What to work on
All entries below are to be reproduced precisely as they stand, without the pictures.

Input records

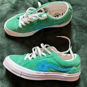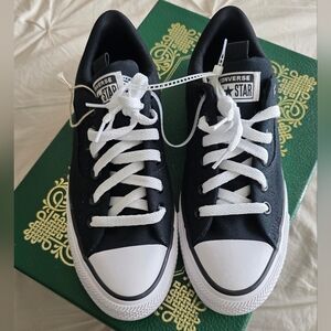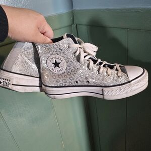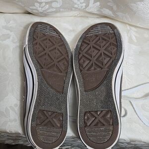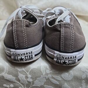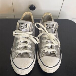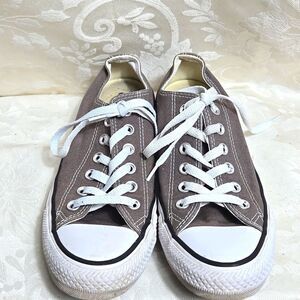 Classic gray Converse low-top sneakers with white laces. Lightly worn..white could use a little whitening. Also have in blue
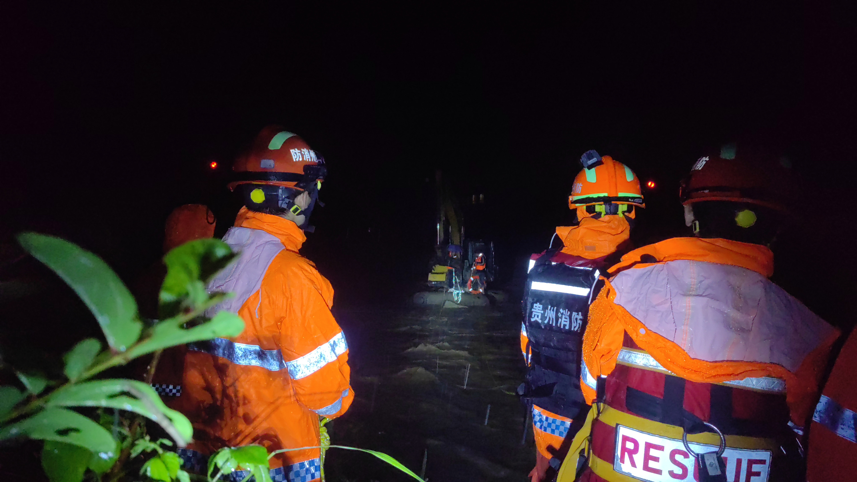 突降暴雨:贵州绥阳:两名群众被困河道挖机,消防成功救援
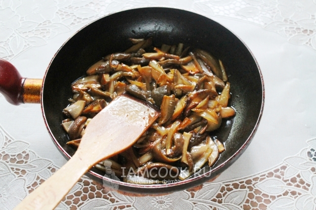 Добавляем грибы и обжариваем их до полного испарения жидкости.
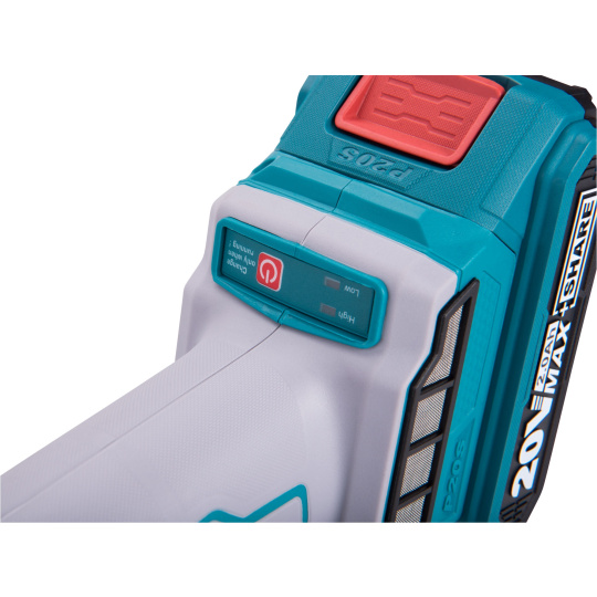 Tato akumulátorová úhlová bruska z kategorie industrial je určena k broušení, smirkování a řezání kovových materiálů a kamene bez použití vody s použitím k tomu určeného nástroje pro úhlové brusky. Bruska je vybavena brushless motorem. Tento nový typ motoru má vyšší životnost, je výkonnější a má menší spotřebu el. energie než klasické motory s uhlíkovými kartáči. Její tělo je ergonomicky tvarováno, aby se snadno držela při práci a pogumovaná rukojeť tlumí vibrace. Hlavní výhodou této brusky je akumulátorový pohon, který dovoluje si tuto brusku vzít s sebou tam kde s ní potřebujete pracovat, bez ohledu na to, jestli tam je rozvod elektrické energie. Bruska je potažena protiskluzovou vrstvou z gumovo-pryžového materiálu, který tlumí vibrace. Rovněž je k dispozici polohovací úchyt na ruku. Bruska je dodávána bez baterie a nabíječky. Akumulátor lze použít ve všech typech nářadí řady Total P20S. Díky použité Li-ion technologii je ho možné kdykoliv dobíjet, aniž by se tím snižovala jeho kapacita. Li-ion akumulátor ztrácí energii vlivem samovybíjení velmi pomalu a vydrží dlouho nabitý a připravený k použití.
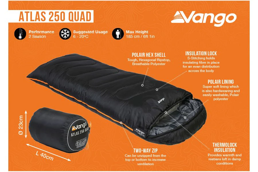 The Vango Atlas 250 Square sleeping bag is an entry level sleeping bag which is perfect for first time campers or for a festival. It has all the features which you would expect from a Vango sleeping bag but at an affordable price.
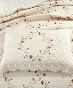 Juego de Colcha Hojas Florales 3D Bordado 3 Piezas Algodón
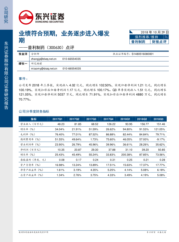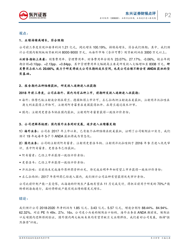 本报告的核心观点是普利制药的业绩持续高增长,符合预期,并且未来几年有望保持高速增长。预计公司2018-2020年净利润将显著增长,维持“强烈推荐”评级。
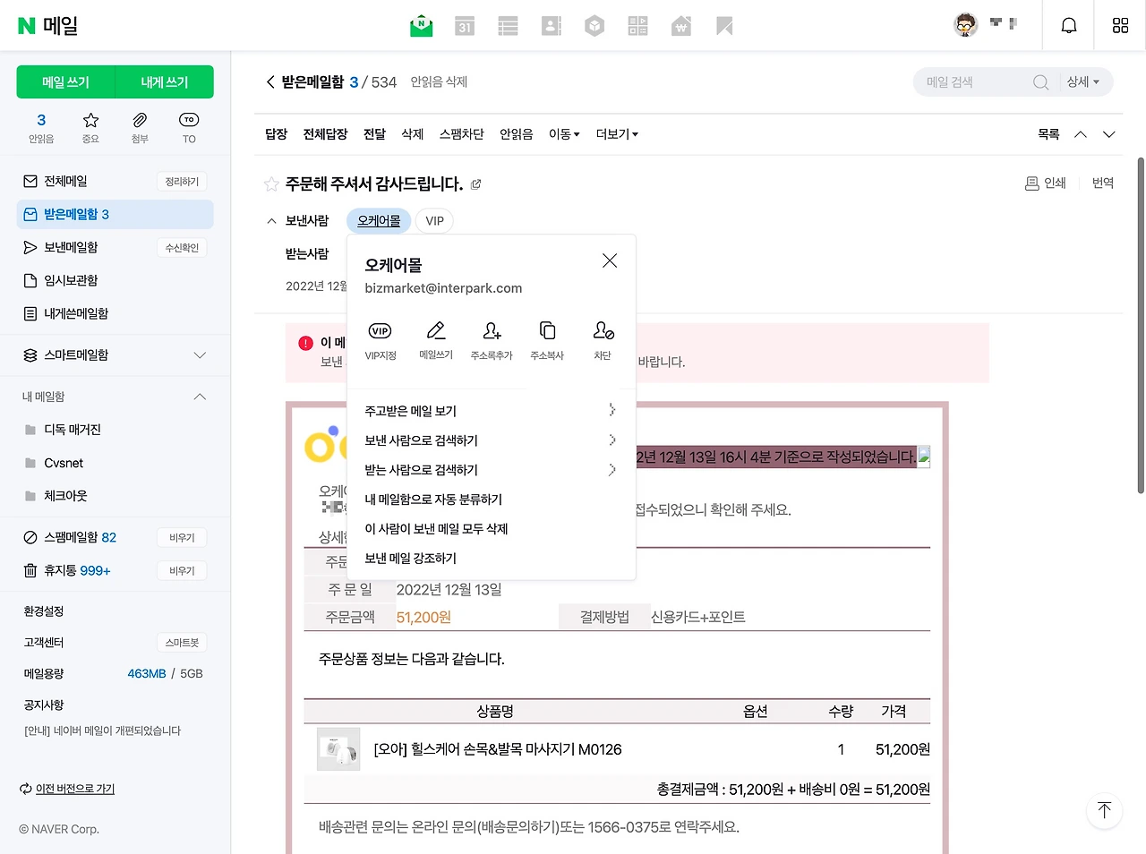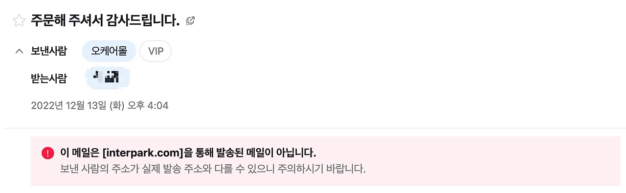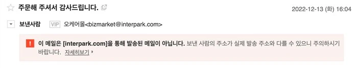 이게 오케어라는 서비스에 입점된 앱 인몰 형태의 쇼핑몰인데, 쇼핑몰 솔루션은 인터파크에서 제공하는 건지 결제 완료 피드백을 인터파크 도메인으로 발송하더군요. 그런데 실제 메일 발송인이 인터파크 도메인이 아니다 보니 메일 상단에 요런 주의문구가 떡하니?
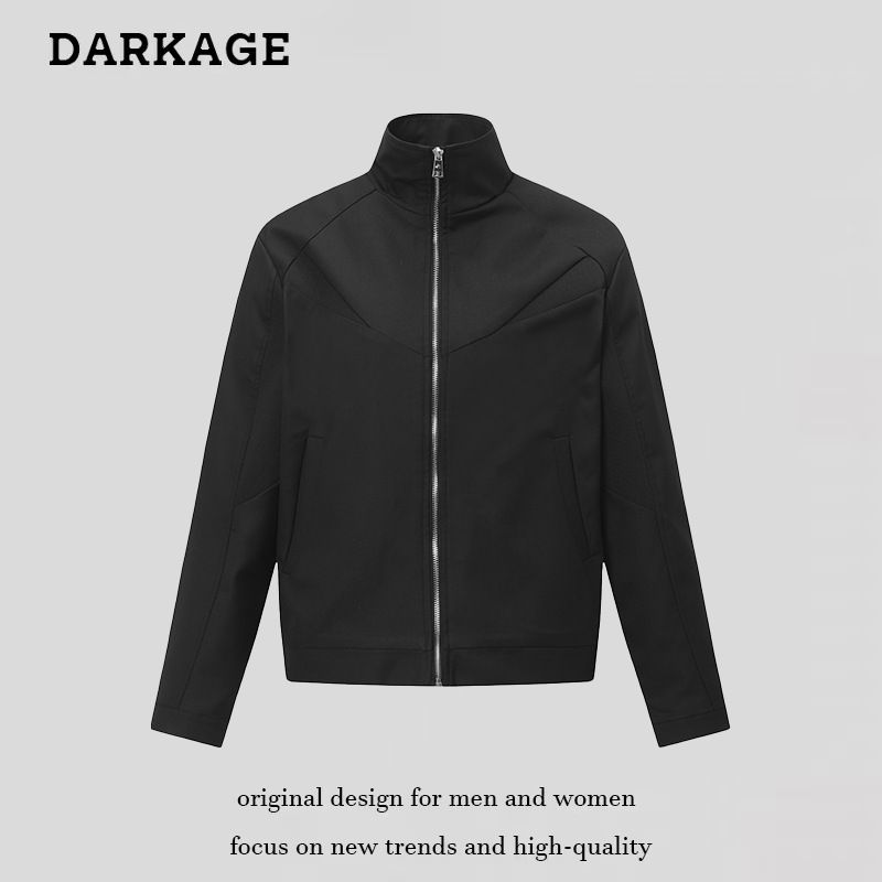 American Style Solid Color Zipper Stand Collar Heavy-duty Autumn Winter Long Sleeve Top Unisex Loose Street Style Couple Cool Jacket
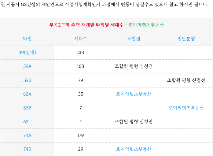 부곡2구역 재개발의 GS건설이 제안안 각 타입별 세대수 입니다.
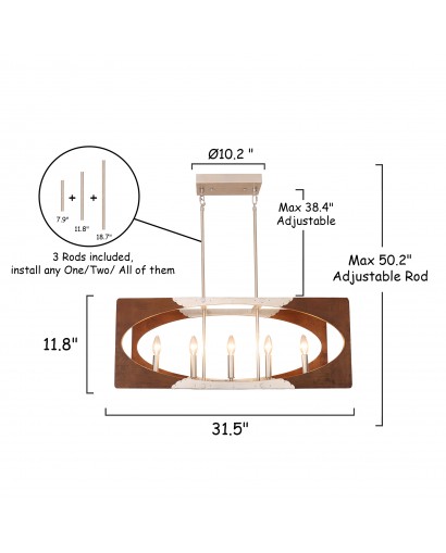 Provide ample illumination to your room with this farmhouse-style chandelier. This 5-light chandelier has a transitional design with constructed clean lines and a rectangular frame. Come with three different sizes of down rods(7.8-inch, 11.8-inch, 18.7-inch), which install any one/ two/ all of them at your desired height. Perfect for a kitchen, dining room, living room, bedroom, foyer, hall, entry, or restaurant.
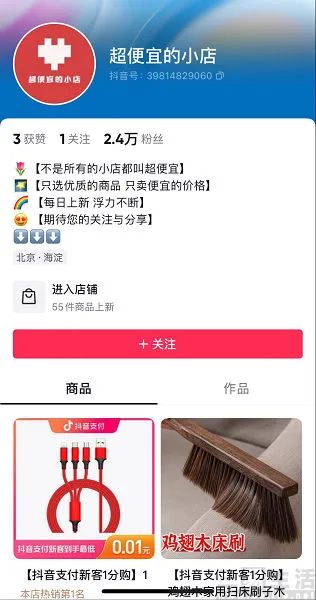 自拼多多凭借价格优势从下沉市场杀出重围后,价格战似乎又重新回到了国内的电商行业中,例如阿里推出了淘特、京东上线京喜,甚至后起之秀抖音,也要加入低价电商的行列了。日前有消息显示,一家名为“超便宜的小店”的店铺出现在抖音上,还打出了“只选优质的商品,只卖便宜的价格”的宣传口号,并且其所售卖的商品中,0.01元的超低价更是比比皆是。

Answer to the problem
 Classic gray Converse low-top sneakers with white laces. Lightly worn..white could use a little whitening. Also have in blue
 突降暴雨:贵州绥阳:两名群众被困河道挖机,消防成功救援
 Добавляем грибы и обжариваем их до полного испарения жидкости.
 Tato akumulátorová úhlová bruska z kategorie industrial je určena k broušení, smirkování a řezání kovových materiálů a kamene bez použití vody s použitím k tomu určeného nástroje pro úhlové brusky. Bruska je vybavena brushless motorem. Tento nový typ motoru má vyšší životnost, je výkonnější a má menší spotřebu el. energie než klasické motory s uhlíkovými kartáči. Její tělo je ergonomicky tvarováno, aby se snadno držela při práci a pogumovaná rukojeť tlumí vibrace. Hlavní výhodou této brusky je akumulátorový pohon, který dovoluje si tuto brusku vzít s sebou tam kde s ní potřebujete pracovat, bez ohledu na to, jestli tam je rozvod elektrické energie. Bruska je potažena protiskluzovou vrstvou z gumovo-pryžového materiálu, který tlumí vibrace. Rovněž je k dispozici polohovací úchyt na ruku. Bruska je dodávána bez baterie a nabíječky. Akumulátor lze použít ve všech typech nářadí řady Total P20S. Díky použité Li-ion technologii je ho možné kdykoliv dobíjet, aniž by se tím snižovala jeho kapacita. Li-ion akumulátor ztrácí energii vlivem samovybíjení velmi pomalu a vydrží dlouho nabitý a připravený k použití.
 The Vango Atlas 250 Square sleeping bag is an entry level sleeping bag which is perfect for first time campers or for a festival. It has all the features which you would expect from a Vango sleeping bag but at an affordable price.
 Juego de Colcha Hojas Florales 3D Bordado 3 Piezas Algodón
 本报告的核心观点是普利制药的业绩持续高增长,符合预期,并且未来几年有望保持高速增长。预计公司2018-2020年净利润将显著增长,维持“强烈推荐”评级。
 이게 오케어라는 서비스에 입점된 앱 인몰 형태의 쇼핑몰인데, 쇼핑몰 솔루션은 인터파크에서 제공하는 건지 결제 완료 피드백을 인터파크 도메인으로 발송하더군요. 그런데 실제 메일 발송인이 인터파크 도메인이 아니다 보니 메일 상단에 요런 주의문구가 떡하니?
 American Style Solid Color Zipper Stand Collar Heavy-duty Autumn Winter Long Sleeve Top Unisex Loose Street Style Couple Cool Jacket
 부곡2구역 재개발의 GS건설이 제안안 각 타입별 세대수 입니다.
 Provide ample illumination to your room with this farmhouse-style chandelier. This 5-light chandelier has a transitional design with constructed clean lines and a rectangular frame. Come with three different sizes of down rods(7.8-inch, 11.8-inch, 18.7-inch), which install any one/ two/ all of them at your desired height. Perfect for a kitchen, dining room, living room, bedroom, foyer, hall, entry, or restaurant.
 自拼多多凭借价格优势从下沉市场杀出重围后,价格战似乎又重新回到了国内的电商行业中,例如阿里推出了淘特、京东上线京喜,甚至后起之秀抖音,也要加入低价电商的行列了。日前有消息显示,一家名为“超便宜的小店”的店铺出现在抖音上,还打出了“只选优质的商品,只卖便宜的价格”的宣传口号,并且其所售卖的商品中,0.01元的超低价更是比比皆是。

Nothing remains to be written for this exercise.